# 2010 Winter Spike!tacular



## MR. evil (Feb 7, 2010)

I saw this on the NEMBA forum and though it sounded like fun.


Come on out for a great time! This is a really low key event. Last year's event brought out the full spectrum of competitors. Most were just out for a good time. Some borrowed bikes when they got there, some appeared to have never had ridden before, and a few were out to put it down. At the end of the day, everyone had a great time! Come on out and ride with us. No need to be nervous, this is just about the fun! And spectating is a fine option too. Hope to see you on the 13th!

Below are the details....
-------------------------

On the ICE of beautiful Lake Congamond.

Race Format: 3 Events Combined
•	Short Track Figure 8 – Individually Timed (3-4 laps)
•	Drag Race – Individually Timed (with a new twist)
•	Closed Course - GP Style Crit (~5-7 laps)

Traction… Traction… Traction…

When:	Saturday Feb 13th
Signup 12-12:30
Racing 1:00

Where: Lake Congamond, Southwick MA. State Boat Ramp on the north end of center pond. Point Grove Road, next to Louie B’s.

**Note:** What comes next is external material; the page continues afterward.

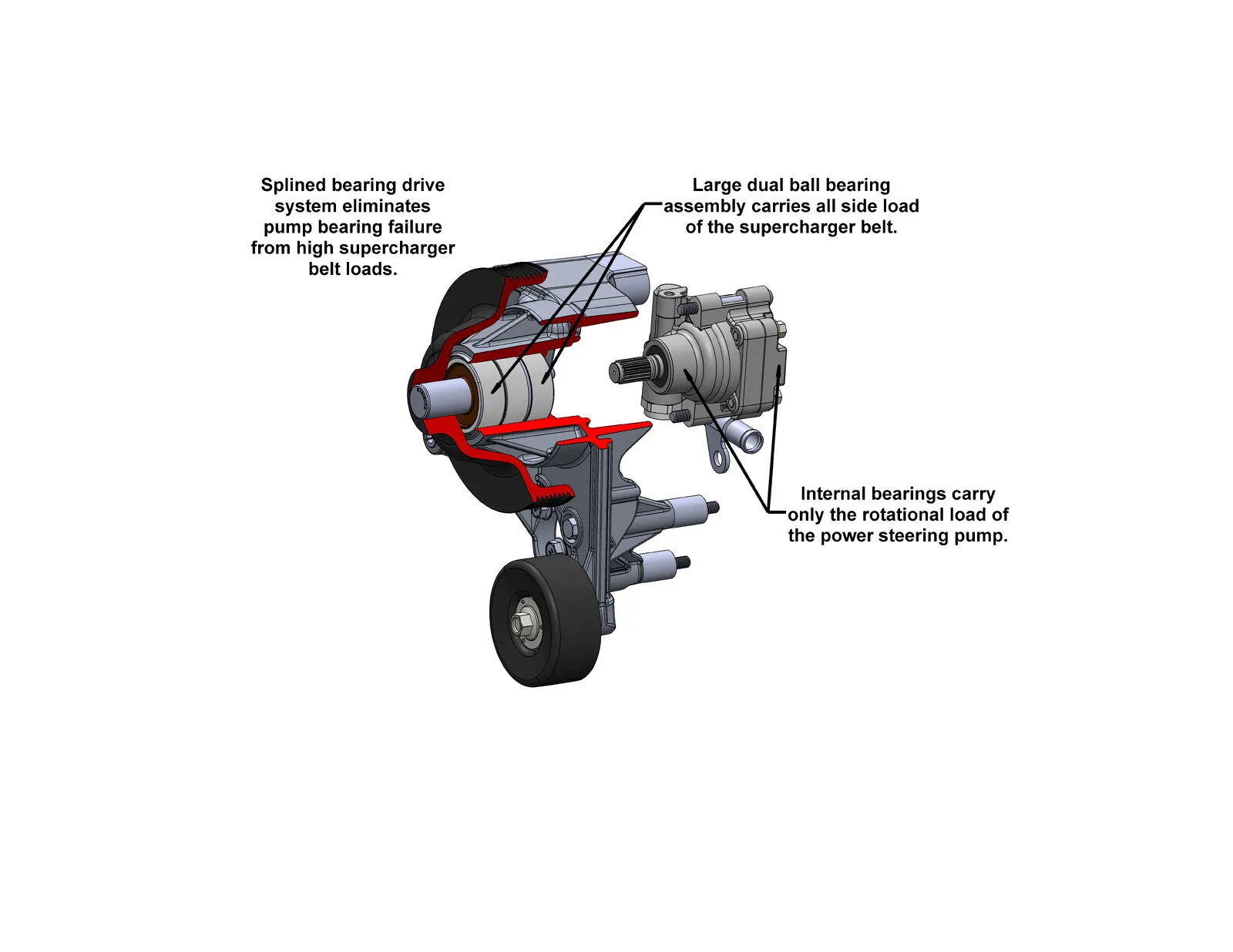 • OE pulley ratios for optimal accessory performance, allows for larger SC crank pulley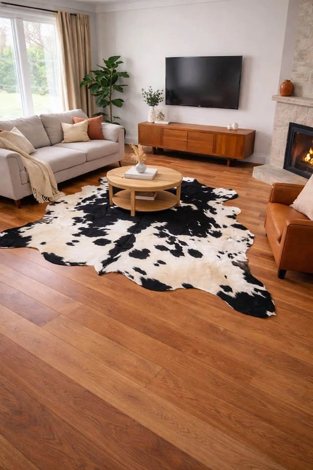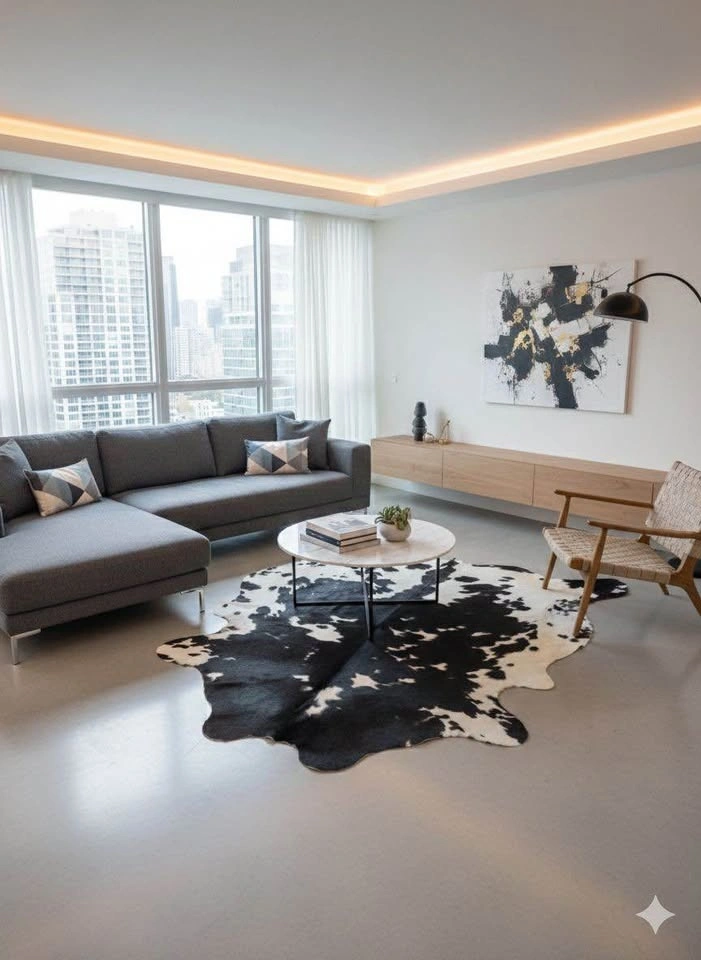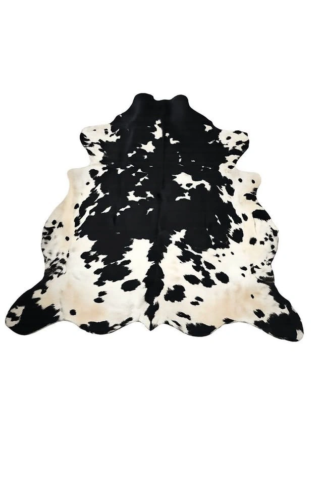 100% authentic Colombian cowhide rug, natural leather with a unique black & white pattern. Perfect for modern, boho, Scandinavian, or rustic spaces. Size: approx. 7.3 x 6.7 ft (222 x 205 cm). One of a kind.

Entry Donation: Non-perishable food items to go to the “Parish Cupboard” in West Springfield.

Classifications:
•	 Kids
•	 Women’s
•	“Double-Runners” (Beg/Sport)
•	“Speed-Skates” (Top Sport/Expert).
On your honor, no sand-bagging.

Prizes: This year we will be presenting “trophies” to the top three in each classification..

Racing Tire Guidelines: Anything goes!!! Home-made… Store bought… Stolen… Whatever makes you go fast.



****** HELMETS REQUIRED ******

****** Pads strongly recommended!!! ******
Elbows, knees, and more…


----------